Lots to think about. I know I over-focus on appearance. This has always been true. I also really worry that I might have messed up my metabolism with my old dieting and unhealthy relationship with both diet and exercise.
Also, just to be clear: I already exercise and watch what I eat. I wouldn't say I'm aggressively trying to lose weight, but I'm not being totally unhealthy. The big issues are alcohol and takeout -- I'd have to cut them way down or eliminate them to lose weight, I think. But these are also things my DH loves sharing with me. If I tried to reduce takeout or stopped having wine or beer with dinner, I think it would annoy him because then he would be having those things on his own. But obviously they don't impact him as much -- he's tall and the kind of guy who even if he did put on a little weight, you barely notice. Whereas I'm barely 5'2" and 10 lbs is very noticeable on me, 20 very obvious, and 30... well, I feel fat right now, basically. But I'm very active! I exercise almost daily, I walk everywhere, bike to work in the summer, etc. I think this is just kind of where my body is settling.

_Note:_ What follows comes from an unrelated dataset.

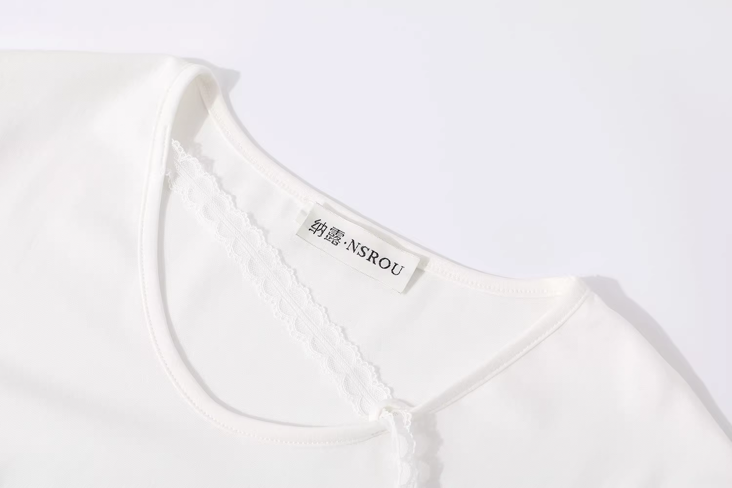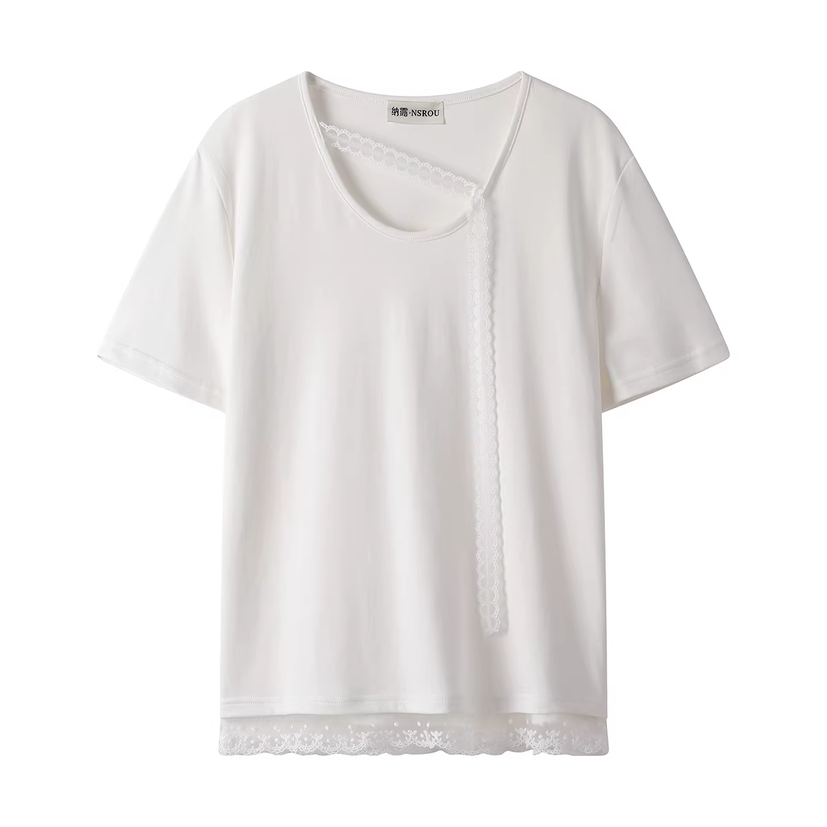 - Áo thun ngắn tay kiểu dáng độc đáo phối ren kiểu Hàn Quốc dành cho nữ mùa hè thiết kế mới độc đáo cổ chữ V
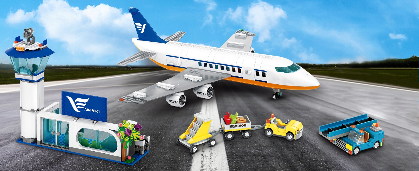 Набор блоков пассажирского самолета HGOKIDS включает в себя большой пассажирский самолет, багажный прицеп и эскалатор, конвейер для багажа, радиолокационную вышку, хорошо продуманный терминал аэропорта и множество забавных наклеек!

Basically I'm happy from a health perspective with my diet and exercise, I know any changes could actually disrupt my relationship, but I still feel insecure about how I look to DH, and also how I look with him. I honestly feel like people might look at us and think "wow, how on earth did she get him?" He's tall with great hair and a strong jaw, just a handsome middle-aged guy. I look dumpy. I put a lot of effort into my clothes and hair and makeup, but at the end of the day my body is just big, my face is a lot rounder than it used to be. I look heavy. I'm not at all the woman he married.
I'm in therapy, I know I have to work on this stuff. I just see him drooling over certain actresses or models and I know what still turns him on, and I don't think it's me. I know he loves me and thinks I'm a good person and a good mom. But I think the spark is dying and I kind of don't blame him.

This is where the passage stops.